The fitted model of the expected sale as a function of the normal sale, \(x\), is

\[x \mapsto e^{1.46 + 0.92 \times \log(x)} = (4.31 \times x^{-0.08}) \times x.\]
This model roughly predicts a four-fold increase of the sale during a
campaign, though the effect decays with increasing \(x\). If the normal
sale is 10 items the factor is \(4.31 \times 10^{-0.08} = 3.58\), and if
the normal sale is 100 items the factor reduces to \(4.31 \times 100^{-0.08} = 2.98\).

We are not entirely satisfied with this model. It is fitted across all stores in the data set, and it is not obvious that the same effect should apply across all stores. Thus we would like to fit a model of the form

\[\log(E(\text{sale})) = \beta_{\text{store}} + \beta_1 \log(\text{normalSale})\]

instead.

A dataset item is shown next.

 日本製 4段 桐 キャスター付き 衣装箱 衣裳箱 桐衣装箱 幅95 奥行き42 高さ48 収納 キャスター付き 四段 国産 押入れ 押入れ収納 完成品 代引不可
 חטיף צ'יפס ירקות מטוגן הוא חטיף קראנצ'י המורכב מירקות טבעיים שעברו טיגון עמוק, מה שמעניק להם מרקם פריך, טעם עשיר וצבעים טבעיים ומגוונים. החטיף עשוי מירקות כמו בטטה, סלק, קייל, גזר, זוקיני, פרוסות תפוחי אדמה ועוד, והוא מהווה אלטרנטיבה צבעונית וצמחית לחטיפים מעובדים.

Fortunately, this is also straightforward using `glm`

.

```
## Note, variable store is a factor! The 'intercept' is removed
## in the formula to obtain a parametrization as above.
pois_model <- glm(
sale ~ store + log(normalSale) - 1,
data = vegetables,
family = poisson
)
```

We will not print all the individual store effects as there are 352 individual stores.

```
## Estimate Std. Error z value Pr(>|z|)
## store1 2.7182 0.12756 21.309 9.416e-101
## store10 4.2954 0.12043 35.668 1.254e-278
## store100 3.4866 0.12426 28.060 3.055e-173
## store101 3.3007 0.11791 27.993 1.989e-172
## log(normalSale) 0.2025 0.03127 6.474 9.536e-11
```

We should note that the coefficient of \(\log(\text{normalSale})\) has changed considerably, and the model is a somewhat different model now for the individual stores.

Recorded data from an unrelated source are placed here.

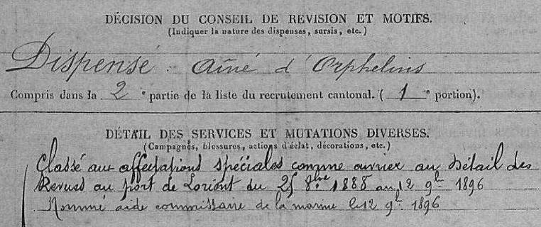 Entre dans la Marine le 20 avril 1885 (port LORIENT)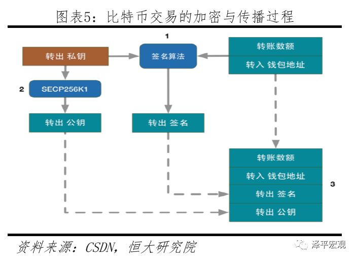 在比特币区块链中,私钥代表了对比特币的控制权。交易发起方用私钥对交易(包括转账金额和转账地址)签名并将签名后的交易和公钥广播,各节点接收到交易后可以用公钥验证交易是否合法。在这个过程中交易发起方无须暴露自己的私钥,从而实现保密目的。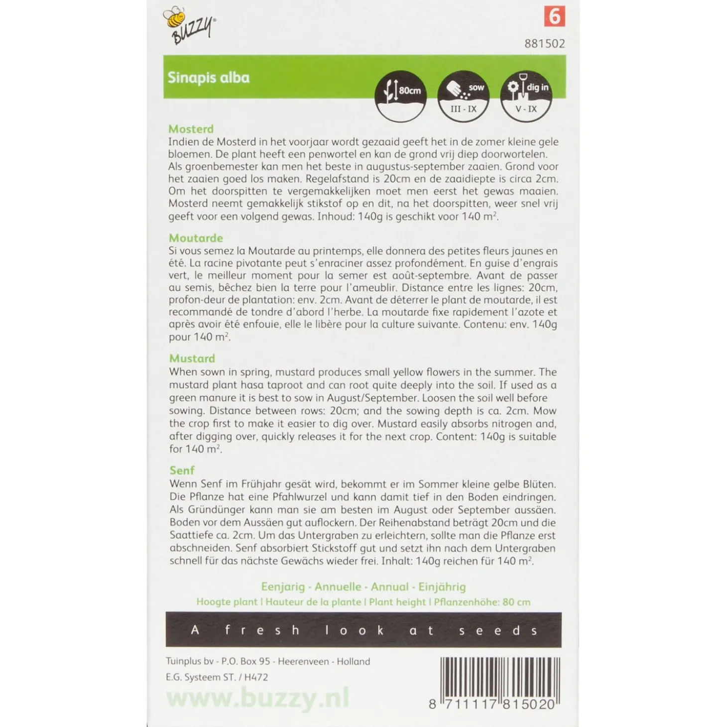 * Zaai vanaf 1/2 augustus tot en met eind september. * Voor 1m2 heb je 1 gram nodig. Verpakking is geschikt voor 140m2* Bij laat zaaien geeft het gewas geen zaden meer en in de winter vriest het gewas dood.Groenbemesting is het telen van gewassen op een stuk grond om dit vervolgens onder te ploegen of te mulchen. Dit wordt gedaan om het percentage organische stof en het stikstofgehalte in de bodem te verhogen. Een deel van die organische stof wordt vevolgens in de bodem omgezet in humus.

From a computational viewpoint the most important thing that has changed is that the number of parameters has increased a lot. In the first and simple model there are two parameters. In the second model there are 353 parameters. Computing the maximum-likelihood estimate is a considerably more difficult problem in the second case.